Last month, the Portland State Aerospace Society (PSAS), a student venture at Portland State College, launched a rocket out in the Oregon desert, on 19th July 2015 to be exact. The rocket soared almost five kilometers into the sky—an impressive feat, however that is just the start for PSAS. The group has its eyes set much higher.

In the video, you see the ground rapidly zoom away as the rocket, dubbed “LV2.3”, shoots into the sky. It is a beautiful sight—and one that was captured unintentionally.

“The digital camera falling out of the rocket was accidental,” chuckles Andrew Greenberg, an adjunct professor in Electrical and Computer Engineering at PSU who’s involved in the club. “In this case, the plastic cracked and the camera came out at Mach 1.” The Raspberry Pi-based camera was supposed to record from the side of the rocket’s payload module. “3D-printing plastic isn’t necessarily great for rockets, it turns out.”

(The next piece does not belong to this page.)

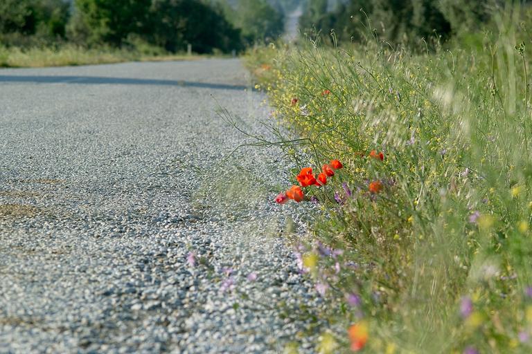 Keywords: road flowers herbs poppies way asphalt spring red flowers summer blossom day bright
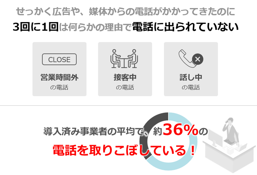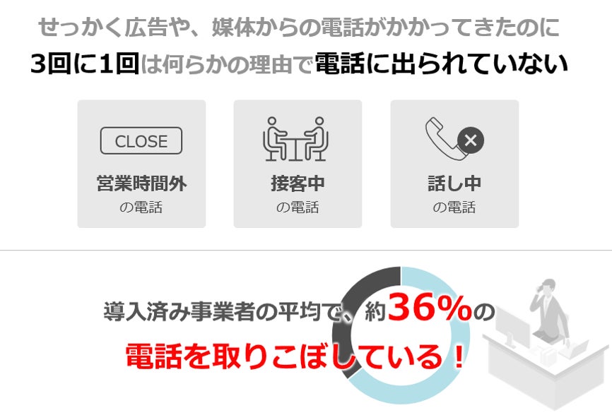 弊社の調査によると、全体の約36%(約3回に1回)の電話を取りこぼしてしまっている現状がございます。(当社調べ:2022/1)

The membership’s targets are loftier than just getting just a few kilometers above the Earth. When asked about the objective of the club, Greenberg is direct. They want to put a nano-satellite into orbit.

The PSAS in 2011
The PSAS in 2011

“We try to build as much as we can,” says Greenberg. When you’re trying to construct a space-bound rocket, the to-do list is spectacular. “We’re building our own avionics system. We are making our own software-defined radio GPS system. We’re building our own Ethernet-based systems. We’re using WiFi as a long distance telemetry on the amateur radio band.”

The plan to construct a nano satellite (particularly a CubeSat) came to the group during all of this tinkering. After an inspired burst of DIYing, they realized their computer for getting the rocket to space was fairly close to functioning as a tiny satellite. Now they had to figure out how to give it a second life in orbit.

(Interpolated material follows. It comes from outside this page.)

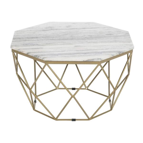 32 in. Callista White and Gold Octagon Marble Top Material Coffee Table

Usually CubeSats function as small satellites that do their business only after they’re in orbit. They’re deployed out into space as a ten centimeter cube that then conducts scientific research within some particularly outlined parameters. It doesn’t usually deal with avionics for a rocket. However PSAS’s CubeSat does both the work. “Our CubeSat has an Ethernet peripheral called ‘a rocket,’ and it flies up and drops itself off and throws itself into space and then it becomes a satellite,” Greenberg says. “All that is, is a change of software, right?”


The technological hurdles are one thing. The bigger impediment keeping Portland State Aerospace Society from reaching orbit? “Think ‘cash and lawyers,'” says Greenberg. Including the Portland State Aerospace Society, there are other amateur teams that might potentially put something into orbit​ like the Boston University Rocket Propulsion Group and Delft Aerospace Rocket Engineering in the Netherlands. Actually, the Civilian Space eXploration Team (CSXT) made it a hundred and fifteen kilometers into the sky (which is, by all definitions, space) in 2004. However there’s no amateur group putting stuff in orbit just yet.

history of rockets
History of PSAS launches

All of them face the same issues of international law, regulatory compliance, safety evaluation, and a litany of different hurdles. “As soon as you begin talking orbital-class rocket, there are a billion issues you need to do to prove that your rocket is safe,” Greenberg says. “Minneapolis-St. Paul does not like it when you drop your first stage on them.”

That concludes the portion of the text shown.